A. Background

These consolidated cases concern four properties. John Rapanos or his affiliated parties were held to be civilly liable for filling wetlands without a permit on three separate properties: Salzburg, Hines Road, and Pine River.[3] The Carabell property owners were denied a permit to place fill on a single property. In both cases, the petitioners claim that federal jurisdiction does not extend to their property; therefore, even if there are wetlands on the properties, those wetlands cannot be regulated by the Corps.

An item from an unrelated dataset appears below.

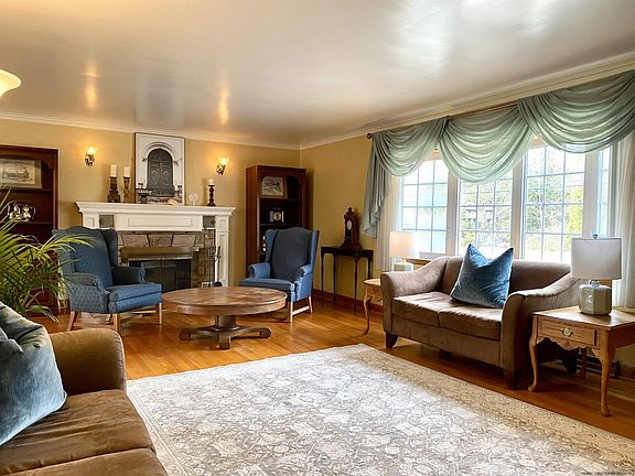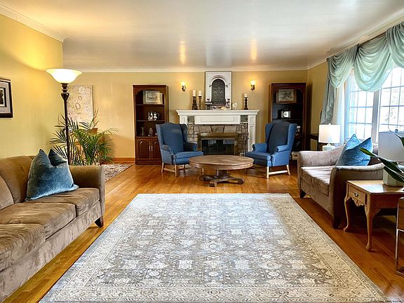 Step into the foyer and your eyes are drawn to the generous living room with stone fireplace which opens to the sunny and spacious dining room with access to the deck. The large multi-cabineted kitchen with eating area is one any chef would die for.
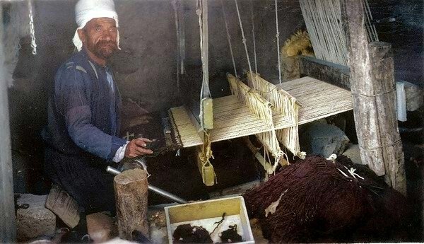 صورة لشيخ يعمل على نول صوف قديم في جبل العرب عام 1937.

An issue in these cases is the proper meaning of "navigable waters," which for purposes of the CWA, was defined by Congress as "the waters of the United States, including the territorial seas." 33 U.S.C. § 1362(7).[4] The Corps was delegated the responsibility to further define "waters of the United States." The pertinent part of the Corps’ current (and overly expansive) definition is:

(a) The term waters of the United States means

         (1) All waters which are currently used, or were used in the past, or may be susceptible to use in interstate or foreign commerce, including all waters which are subject to the ebb and flow of the tide;

         (2) All interstate waters including interstate wetlands;

         (3) All other waters such as intrastate lakes, rivers, streams (including intermittent streams), mudflats, sandflats, wetlands, sloughs, prairie potholes, wet meadows, playa lakes, or natural ponds, the use, degradation or destruction of which could affect interstate or foreign commerce including any such waters:

(i) Which are or could be used by interstate or foreign travelers for recreational or other purposes; or

(ii) From which fish or shellfish are or could be taken and sold in interstate or foreign commerce; or

(iii) Which are used or could be used for industrial purpose by industries in interstate commerce;

         (4) All impoundments of waters otherwise defined as waters of the United States under the definition;

         (5) Tributaries of waters identified in paragraphs (a)(1) through (4) of this section;

         (6) The territorial seas;

         (7) Wetlands adjacent to waters (other than waters that are themselves wetlands) identified in paragraphs (a)(1) through (6) of this section.

33 C.F.R. § 328.3 (2005).

It is unclear whether water from the Carabell petitioners’ property ever reaches water that meets the definition in (a)(1).[5] The magistrate judge’s recommendation, which was accepted in its entirety by the district court, described the property as follows:

Plaintiff ’s property in this case is not isolated. It is undisputed that the property is adjacent to an unnamed ditch, and that ditch connects to the Sutherland-Oemig Drain. (Tr. 55- 61). The Drain, which neighbors a corner of the property, connects to Lake St. Clair.

Carabell App. at 46a. The unnamed ditch appears to have been dug "some 50-60 years ago." Id. at 62a. The spoils from that ditch left a man-made berm that separates the property from the ditch. Id. The Carabell property owners claimed that the water from the property never reached the drain, id. at 22a, but the magistrate judge did not make a specific finding in this regard.

A specific finding was made in regard to all three properties owned by the Rapanos petitioners; the trial court found that water from all three properties would eventually reach water that meets the (a)(1) definition. At the Salzburg site, the water entered a drain, then a tributary, then a river, then a second river, before it could reach Lake Huron. Rapanos App. at B11. At the Hines Road site, the water went from a drain to a navigable river. Id. at B20. Finally, at the Pine River site, there was a connection to a river that drained into Lake Huron. Id. at B26. The Rapanos petitioners claim that the nearest navigable water for the Salzburg site is twenty miles away, Cert. Brief of Rapanos Pet’rs-Appellants at 6, but the trial court did not make a specific finding in this regard. Nevertheless, a portion of the Salzburg site was the basis of John Rapanos’ criminal conviction, and the Sixth Circuit stated, "During the course of this proceeding, the wetlands in question have been described as between eleven and twenty miles from the nearest navigable-in-fact water." United States v. Rapanos, 339 F.3d 447, 449 (6th Cir. 2003). No findings were made regarding the distances to navigable waters for the Hines Road and Pine River sites.

Thus, with the Carabell site, this Court is faced with a property abutting a drain that may or may not receive surface runoff from the property. With the Rapanos sites, runoff from all three properties may eventually reach a body of water that meets the (a)(1) definition, but it is not clear how far the runoff would have to travel to reach such waters, nor is it clear what the filtering effects of such an extended route might be. In both cases, the property owners contend that their property is not covered by the CWA.

[3] John Rapanos also was criminally convicted for improperly placing fill on the Salzburg property. The criminal conviction is not at issue here.

[4] The history of the CWA and of the federal regulations regarding the Corps’ definition of "navigable waters" and/or "waters of the United States" will be discussed in more detail below.

[5] As will be discussed below, in SWANCC, this Court has clearly held that Congress meant to regulate waters that meet the (a)(1) definition and those wetlands adjacent to and inseparably bound up with such waters.